After Easter service, a group of friends and I ventured over to Ryles Jazz Club in Cambridge, Massachusetts for its ever-popular first Sunday jazz brunch.

The first floor of the restaurant/club was packed with the most interesting group of people under one roof: there were families with small children, clumps of college students, and clusters of middle-age folk all enjoying the music, food, and company, within elbow-reach of one another.

Music is the major draw. The club prides itself in being “the best in live music,” which is a fair statement: those seeking a seat for the Sunday Brunch must make reservations.

While casually surveying the menu and bopping my head to the sultry sounds, I glanced around the spot.

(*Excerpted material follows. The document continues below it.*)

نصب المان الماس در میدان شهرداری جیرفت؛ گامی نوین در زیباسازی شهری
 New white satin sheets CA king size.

The walls were covered with framed posters of jazz legends. The tiny tables held artifacts—old records, show bills, etc.,–under its glass covering. The bar was haloed by a row of piano keys that spans both ends.

It was cozy and intimate–very non-corporate and “pleasantly dank.”   The atmosphere reminded me of days of old, when speakeasies and other underground joints lived and reigned as places where guests came to bask in the company of cool cats, get the goods, and not much else.

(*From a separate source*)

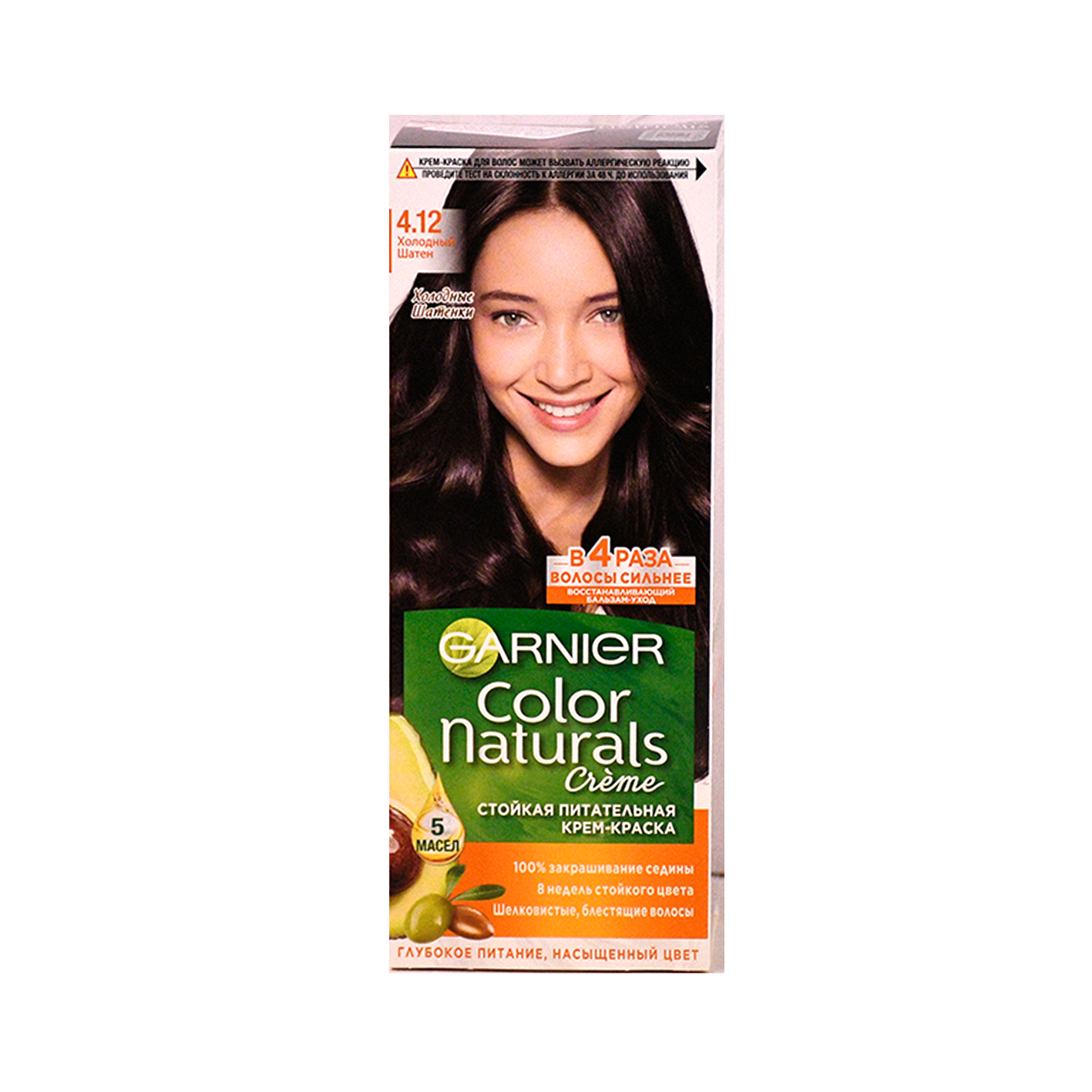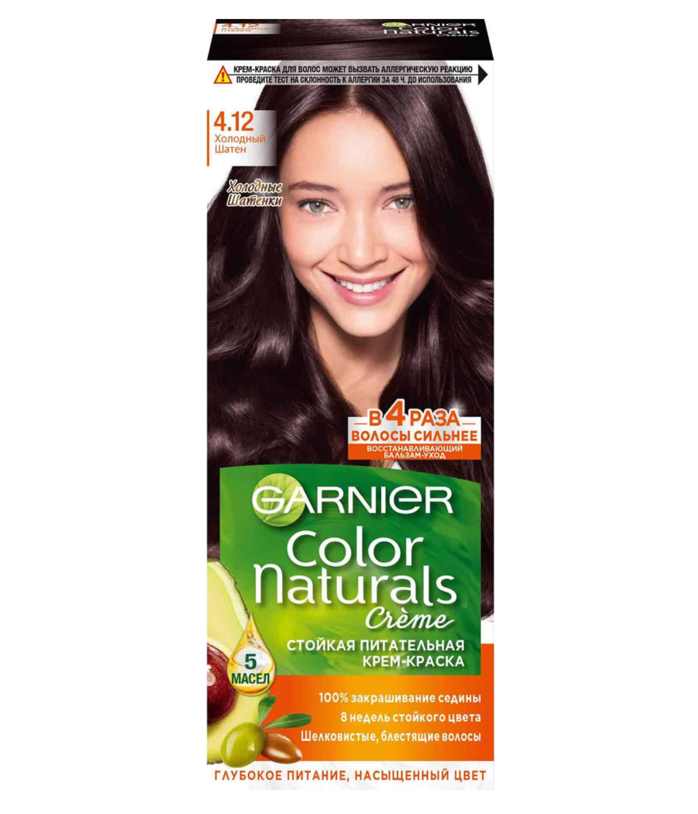 Крем-краска для волос Garnier Color Naturals с 3 маслами, тон 4.12, Холодный Шатен
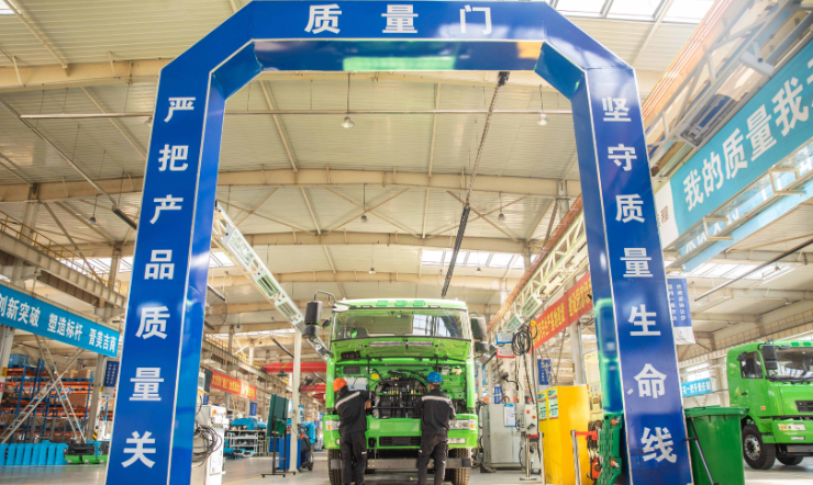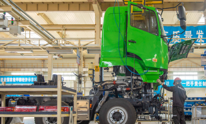 一辆甲醇重卡即将下线。

And Ryles doesn’t restrain guests to their seats. The last time I was here, I had witnessed the impromptu restructuring of  chairs and tables to make room for those itching to dance. The random placement of tables is the side effect.

Instead of being in neatly formatted rows and columns, the tables were arranged in an organized chaos, weaving here and there, leaving only the narrowest alleys for waiter and customer traffic.

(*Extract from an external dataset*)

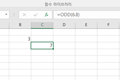 함수 수식 입력란이나 빈 공간 셀에 =ODD(6.8) 와 같이 입력해도 결과값이 출력된다. 6.8의 결과값은 7이 된다. 양수인 경우 올림하기 때문이다.
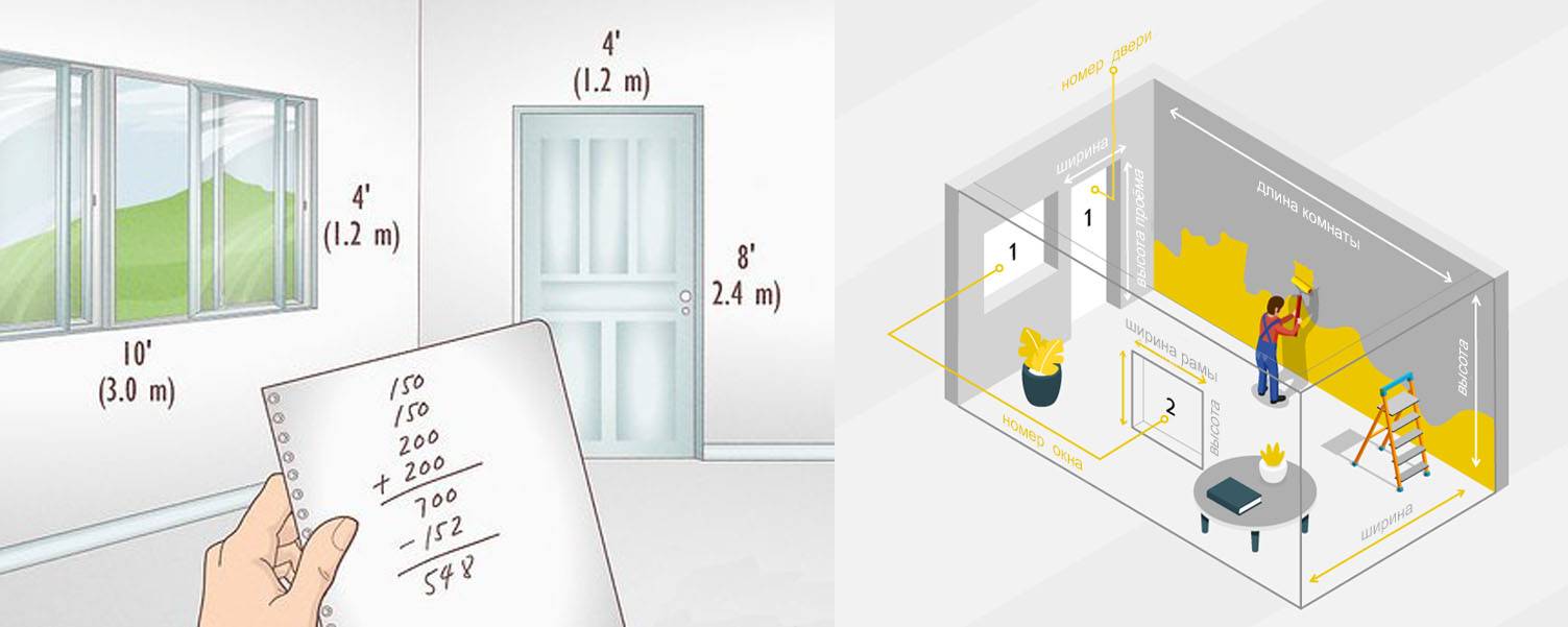 - Площадь стен, дверей и других окрашиваемых поверхностей считается отдельно, а потом суммируется. В таком случае можно избежать ошибок. После получения итогового значения нужно рассчитать необходимый объем краски с учетом рекомендации производителя и советов в статье. Если для разных элементов будут использоваться индивидуальные типы красок, нужно сначала рассчитать площадь, а уже потом рассчитать объем краски.

I was bumped on the shoulder, at least twice, by passing guests and constantly scooted my chair forwards and sidewards to accommodate the stream of passerbys.

There are other kinks.

The dainty tables can’t  accommodate the large serving sizes of the meals. My plate literally consumed half of the table.  The tables were relics of the early days when the establishment was probably just for music and drinks.

To fix this inconvenience, the company has two choices: make the servings smaller or make the tables larger.

Of course, they are problems with both suggestions.

Making the servings smaller would peeve those accustomed to the hefty portions. Making the tables larger means less seating and space in an already cramped environment.

Perhaps something as trivial as adding the words: serving size suitable for two beneath each dish would be suffice. But then the number of meals purchased would decrease, translating into less money.

That won’t do.

Hmm. . .the minor inconvenience of not fitting my plate entirely on the table is simply a small price to pay for the quaint atmosphere.

After the meal, we requested the check.  That was when we discovered none of the twelve of us had cash.  We all were planning to pay with the plastic. Apparently, this was a problem. We were promptly told that their system would crash if all of us swiped our cards.

We were then funneled to the ATM across the street.

Wait.  Go to an ATM?  Outside of the restaurant?  Seriously?

Skipping out on a check had never been easier.

After a few minutes of plotting our escape in a get-away car, we obliged and most of the party returned with crisp cash.

I had expected the convenience of a corporate establishment in a place that was clearly not.  And while I could propose that Ryle fix these problems–with the exception of the narrow aisles which is simply a safety hazard–I think that these quirks lend the club its personality and build its brand as the metaphorically hole in the wall that has the best jazz in Boston.

If the place ran too seamlessly, it would lose its soul.